O plano era o seguinte: eu voltaria a Porto Velho dia 21, chegando às 13h para colocar a mudança no caminhão, distribuir o que não vai, pintar o apartamento, consertar as coisas quebradas, desligar a energia e devolver a chave na imobiliária. Pra isso, o caminhão de mudança saiu de Brasília no tempo certo e chegou no dia 21 de manhã em Porto Velho.
Eu entrei no avião pra Porto Velho e esperei o tempo passar. Não era um voo direto: conexão em Cuiabá. Foi anunciada a descida e o piloto passou a dar voltas em cima da paisagem patchwork. Depois de fazer voltas na outra direção, o piloto anunciou que seguiríamos a Campo Grande (MT) porque havia um cachorro solto na pista de pouso em Cuiabá. Por questões de segurança, não pousaríamos em CGB.
Os passageiros com destino a Alta Floresta se alarmaram: "eu vou perder uma diária de 4 mil reais!". Chegamos em Campo Grande sem saber como cada um continuaria a sua viagem. O avião foi abastecido (combustível e comida) e o piloto anunciou que se permanecêssemos mais 5 minutos ali, corríamos o risco do voo terminar ali. Relatou que o cachorro em Cuiabá foi capturado e entendemos que regressaríamos a CGB. Cinquenta minutos e amendoim+cookie+balinhas de gelatina depois, aterrissamos em Cuiabá. Os passageiros com destino a Ji-Paraná tiveram sorte: o avião deles esperou e puderam sair primeiro do avião. Os passageiros com destino a Porto Velho foram orientados e retirar a bagagem e entrar no ônibus que leva pro hotel.

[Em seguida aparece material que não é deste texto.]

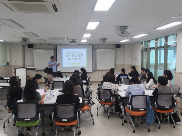 ‘승기천 공감학교’는 동부권역마을교육지원센터 마을연계프로그램의 하나로 학생·학부모·주민이 승기천의 역사·생태·인문 가치를 배우고 탐방하며 도시 하천 생태복원의 중요성을 공감하는 교육과정이다이번 프로그램은 9월 11일부터 총 10회에 걸쳐 진행됐으며 참가자들은 선학마을 강당에서 이론 수업을 듣고 승기천 현장을 탐방하며 하천의 역사·생태·인문적 가치를 배웠다.

Eu fui pra fila do check-in para saber quando será o voo a PVH de amanhã. Diziam que haveria um voo extra, mas não informavam o horário. "Descanse no hotel, entraremos em contato." Tem um caminhão de mudança me esperando, só eu tenho a chave da casa. Insisti no voucher indenizatório. Duas atendentes prometeram imprimir o voucher pra mim e não voltaram, eram fisgadas por homens que reclamavam mais alto (tipo aqueles que perderam a diária do hotel em Alta Floresta). Conclusão: perdi o ônibus pro hotel.
Me disseram que iam chamar Uber e que era pra eu entrar na fila do Uber. Não tinha fila do Uber, só fila normal do check-in. Mudaram o hotel e agora era pra esperar uma van. A atendente da Azul pegou o meu cartão de embarque, foi ali e voltou. Chegou a van, atravessamos a rua e desembarcamos num hotel mais de três estrelas. A cara das atendentes atrás do balcão do hotel revelava os pensamentos confusos delas. Uma atendente pediu pra um (hóspede de Alta Floresta) pra aguardar ali do lado e pronto, foi a faísca que faltava. O hotel não sabia que a Azul tinha feito reservas pra nós, a trupe do cachorro na pista. Eu mostrei as mensagens que a Azul tinha mandado no meu celular (os outros não receberam essas mensagens de hospedagem em hotel) e fizeram nosso check-in com agilidade.
Acho que tenho tipo um carma com Cuiabá. O carro quebrou aqui na vinda e tivemos que ficar dois dias a mais de molho; o cachorro na pista me segurou aqui de novo. Se eu tivesse chegado em PVH hoje às 13h, conforme o plano, teríamos embalado as coisas hoje e amanhã; e o caminhão regressaria a Brasília amanhã mesmo. Como só chego no sábado em horário indefinido, a mudança vai ficar pra segunda-feira, porque o condomínio não permite mudança no sábado de tarde ou domingo.